When Pearl’s parents talked about towns where they’d lived in the days before they ever knew the meaning of a siding, a trestle bridge, a high embankment or a spark-throwing engine passing in the night, Pearl was sorry for them. It was as if they’d confessed to imposturing royalty by admitting they had once been ordinary, outside the railway life altogether and not quite ashamed of themselves as Pearl would be ashamed of herself if she had not iron, soot and wayside wildflowers in her hair.

Marcus, an orphan, whose childhood from infancy was spent on New Killarney’s rough selection, said there was rarely a winter’s night when he didn’t hear the shriek of a fog whistle back in the sandstone ranges.

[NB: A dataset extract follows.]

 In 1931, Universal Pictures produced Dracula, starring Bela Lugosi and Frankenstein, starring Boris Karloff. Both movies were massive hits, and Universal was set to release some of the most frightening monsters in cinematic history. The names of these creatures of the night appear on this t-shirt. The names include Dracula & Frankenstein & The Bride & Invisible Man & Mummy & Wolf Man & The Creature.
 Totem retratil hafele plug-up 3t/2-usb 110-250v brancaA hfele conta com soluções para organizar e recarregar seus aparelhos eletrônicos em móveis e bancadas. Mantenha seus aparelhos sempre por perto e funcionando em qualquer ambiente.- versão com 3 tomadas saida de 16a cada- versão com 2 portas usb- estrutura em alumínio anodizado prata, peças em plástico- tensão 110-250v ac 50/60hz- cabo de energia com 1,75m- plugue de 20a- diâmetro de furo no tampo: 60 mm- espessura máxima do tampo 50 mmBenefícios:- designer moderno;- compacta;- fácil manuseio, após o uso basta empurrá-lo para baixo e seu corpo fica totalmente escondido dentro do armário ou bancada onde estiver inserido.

Marcus, Luana and Pearl – each was called to the railway life. Three bright-eyed kids, they stared into cracked platform mirrors wondering who they were, dreaming of who they might become. In that inheritance, whatever it was, they would never be alone or undefended.

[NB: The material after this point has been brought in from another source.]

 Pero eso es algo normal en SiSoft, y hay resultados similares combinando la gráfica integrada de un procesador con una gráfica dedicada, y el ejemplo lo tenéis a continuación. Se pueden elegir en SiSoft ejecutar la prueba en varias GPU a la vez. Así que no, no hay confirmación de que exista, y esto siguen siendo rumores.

The Deases lived in a tent. The Milburns, half a mile down the track in an acre of bracken fern, also lived in a tent. Both welcomed Marcus to their skittles of purloined veal and pots of nettles boiled with watercress – but the Deases’ tent was the place for the boy.

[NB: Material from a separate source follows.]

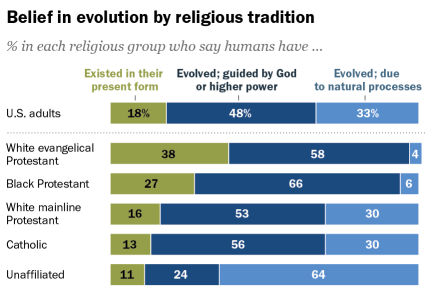 [8] https://www.pewresearch.org/short-reads/2019/02/11/darwin-day/ Statistics were only for Americans who answered the question. Those who responded without an opinion or answered outside the accepted fields were omitted.
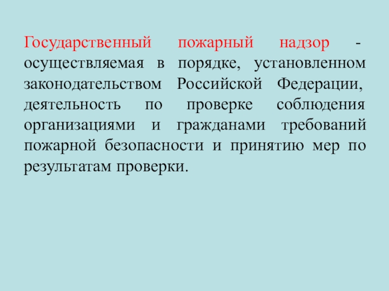 Слайд 3Государственный пожарный надзор - осуществляемая в порядке, установленном законодательством Российской

It was airy in summer, warmed in winter by a coal stove and hanging carpets blocking drafts, moonlight thrown on a canvas roof vivid as lamplight. Marcus liked the way the flap of the tent cut the sky like a metal ruler. They read Wild West novels passed on by fettlers who traded them.

Luana, visiting from her lesser palace, sat on a wooden stool wearing the striped dress her mother made her with trochus shell buttons, the frugality of its folds spread around her, island-princess-like. When she took home papers thrown from the trains, her father, Kedron, could be seen sitting on a stump inspecting the pages between his fists, a proud man who could not read a word and signed his name with a cross.

Marcus’s grandfather, dirty beard forked in the wind, foul mouth chattering, beckoned to passengers to throw their bounty from the passing trains. It was real work pushing the aches in his legs to make an accumulation of treats. At Christmas whisky bottles were dangled from carriage windows on lengths of cord – he seemed to spurn them, after a certain day, when he got his fill from the Dutchies, with their bewitching poison, as he crowed that you never knew what was enough of something unless you had too much of it.

There was ginger beer, lemonade and plum cakes, too, sewn into padded parcels and thrown for children to catch.

Pearl caught a pudding coming through the air like an artillery shell. She touched the fruity treasure to the ground with a spurt of dust. Hanging from the windows of the Western Mail, passengers gave a cheer for her tomboy ways and catcalled the old miser dancing for his pay.

Wearing the textures of their bar-soaped, sun-dried cottons, Luana and Pearl roamed free as sunshine on the lumpy earth. Their mothers called them to get away, to scram from the navvies who shouldered their picks and crowbars and came over for conversation, making the girls laugh into their big, dirty faces. Navvies were the ones who built the embankments, dug the cuttings, laid down the tracks. If anyone had a right to the spoils of the earth it was them.